The message echoed throughout the course, from the U.S.-Mexico border to local community groups like Kitsap Immigrant Assistance Center, Waugh said. “Folks repeated that people in our communities who need solidarity from the [students] and called on them to take all that they learned and experienced and turn it into some good things—to make things better.”
After the SeaMar visit, the class traveled to Arizona, where the impacts of policy took shape. The class visited Nogales, AZ, a city bisected by the U.S. border with Mexico. They found the border wall’s presence striking, especially compared to the Peace Arch at the U.S.-Canadian border.
“People can remember how it used to be, before the intensity of the border wall,” Hyla 11th-grader Naomi Samant said. “They told us, ‘This is not us; this is not our community.’ And you can see it on the landscape — it’s a big scar.”
Students observed the flow of people between the two nations, including a binational class of eighth-graders who commute across the border every day to attend school, which takes around two hours each way.
But not everyone can cross the border peacefully.
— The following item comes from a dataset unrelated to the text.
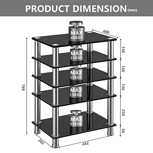 - 5 Ebenen Regal, schwarz gehärtetes Glas. Top Glas Kapazität 40 kg, andere Regale Kapazität 15 kg
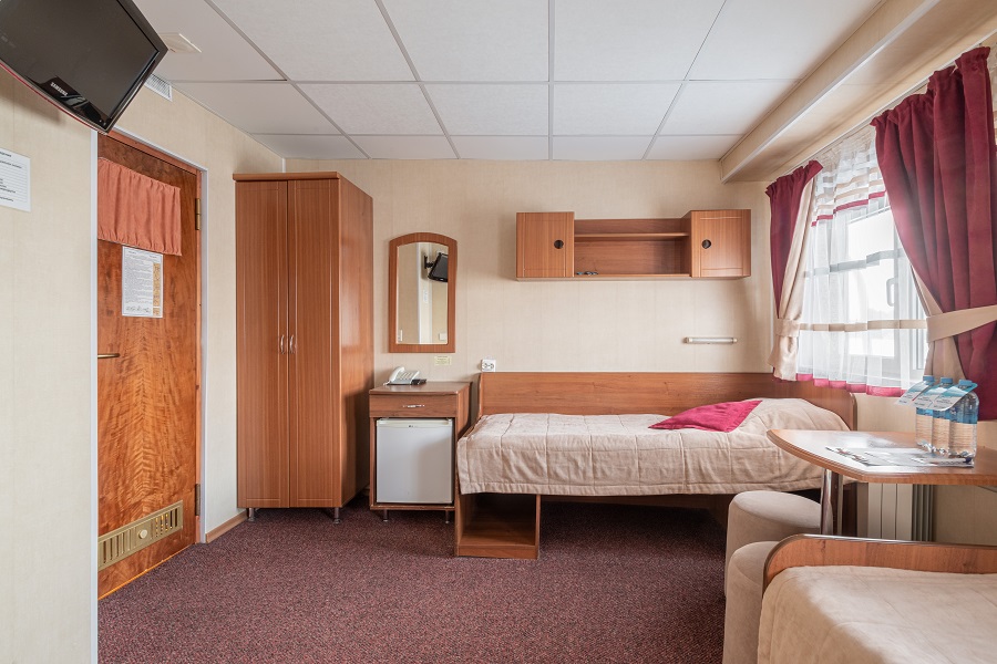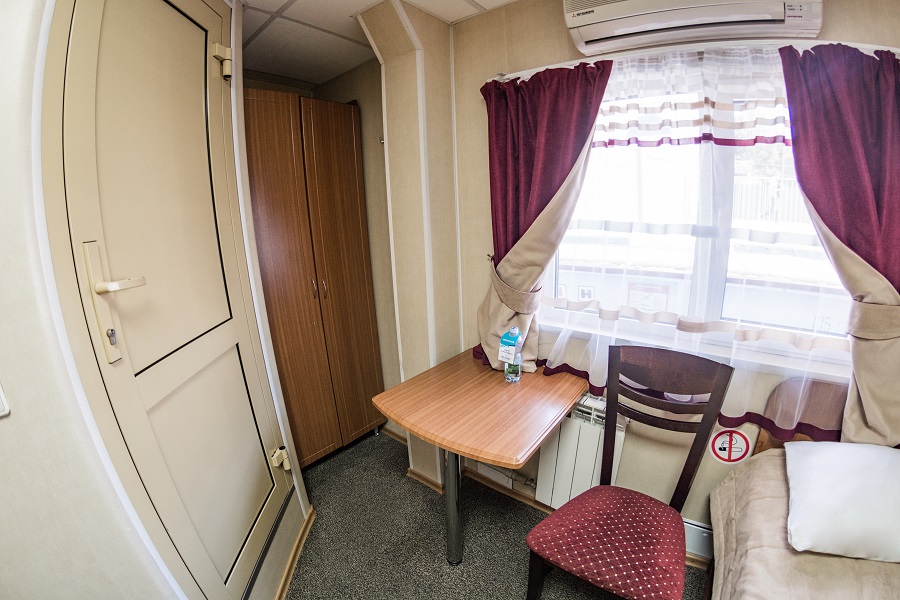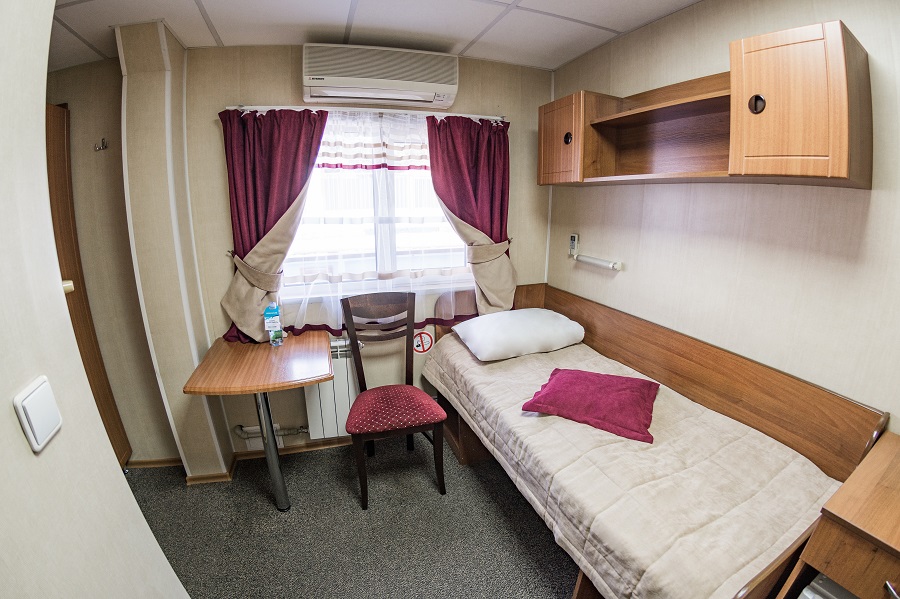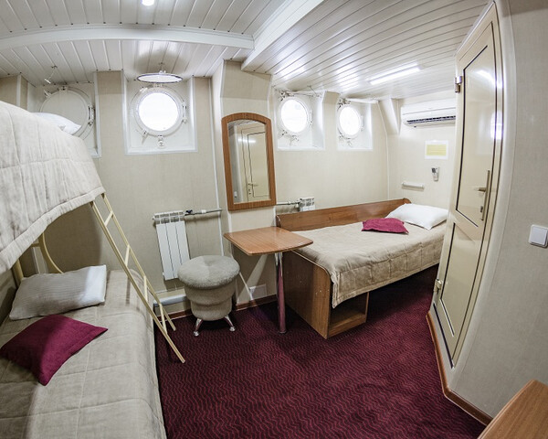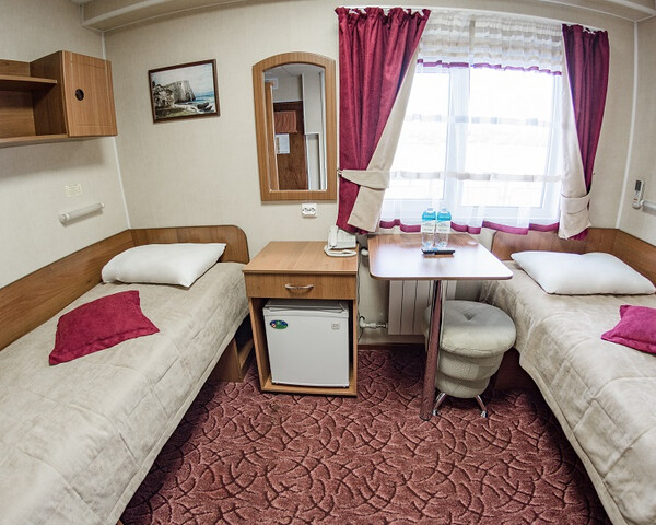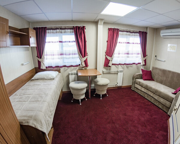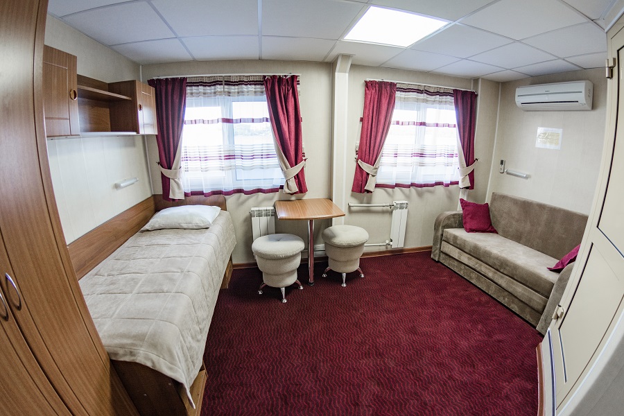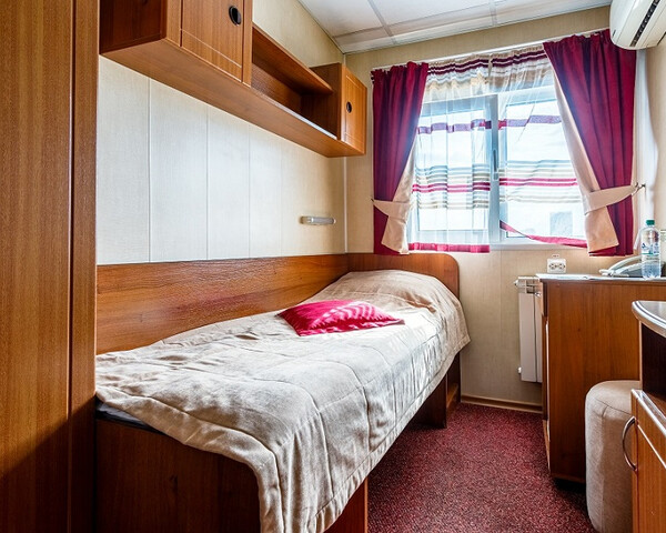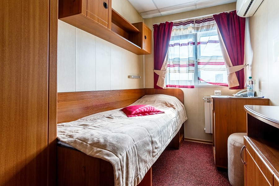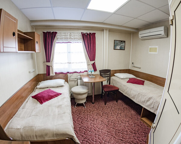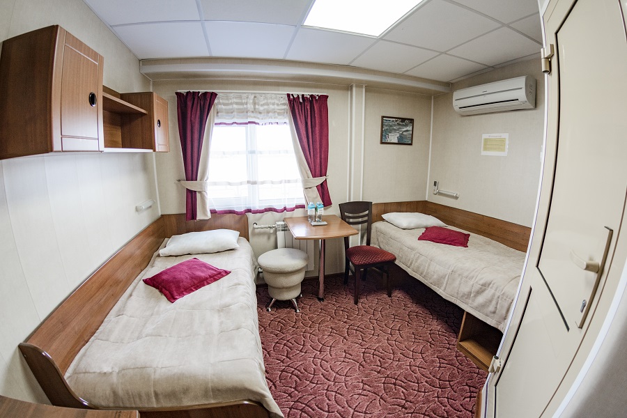 В каюте: двуспальная кровать (при необходимости трансформируется в две односпальные кровати) и кресло-кровать (1 спальное место), ванная комната (раковина, душевая кабина, туалет), шкаф, прикроватные тумбы, кресло, туалетный стол, книжная полка, вешалка для верхней одежды, телевизор с кабельным и спутниковым вещанием, холодильник, кондиционер, сейф, телефон внутренней связи, розетки 220 V, фен, плед для каждого туриста, обзорные окна.Также к услугам туристов в каютах: косметика для душа, туалетные принадлежности, щетка для одежды, банные халаты, маски для сна, тапочки, набор посуды и столовых приборов, чайная пара, питьевая вода и «приветственный набор» (игристый напиток, фрукты), кофе/чай, мини-бар (за дополнительную плату), капсульная кофемашина (одна чашка кофе на человека – в подарок).

Hyla students Will Borneman, Willa Sydor, Rider Blanchard and Rhys McCarron described a formative experience while speaking with two activists through the border fence.
“We were talking with Pancho and Rita when a kid, probably fifteen, and two adults started to climb over the wall,” Sydor said. Where the class was standing, the border wall is about thirty-feet tall and strung with barbed wire, with scraps of clothes and hair caught in the fencing. The group was standing next to a memorial for a child who had been caught throwing rocks at the wall and was shot by U.S. Border Patrol.
Borneman added, “It’s brutal to see.”
The kid reached the top in about 20 seconds and jumped down. He took off the second he hit the ground. “Everyone was just silent for about three minutes, having seen this kid doing something that was exceedingly dangerous,” Waugh said. “We talked about the state attempts at deterrence having this sort of an impact, as opposed to actually deterring people from going over the wall.”
When Hyla students returned to BI, their experiences in Nogales stuck with them. They began to see the ways borders defined BI from the rest of Kitsap County, the mainland and inside the community.
“There’s definitely an economic and social border for lots of people who can’t afford to live here,” Sydor said.
Other students agreed, citing the lack of affordable housing. “Bainbridge is secluded, which creates a lack of conversation. We should try to create more awareness and recognize the history of immigration on the island,” Sydor concluded.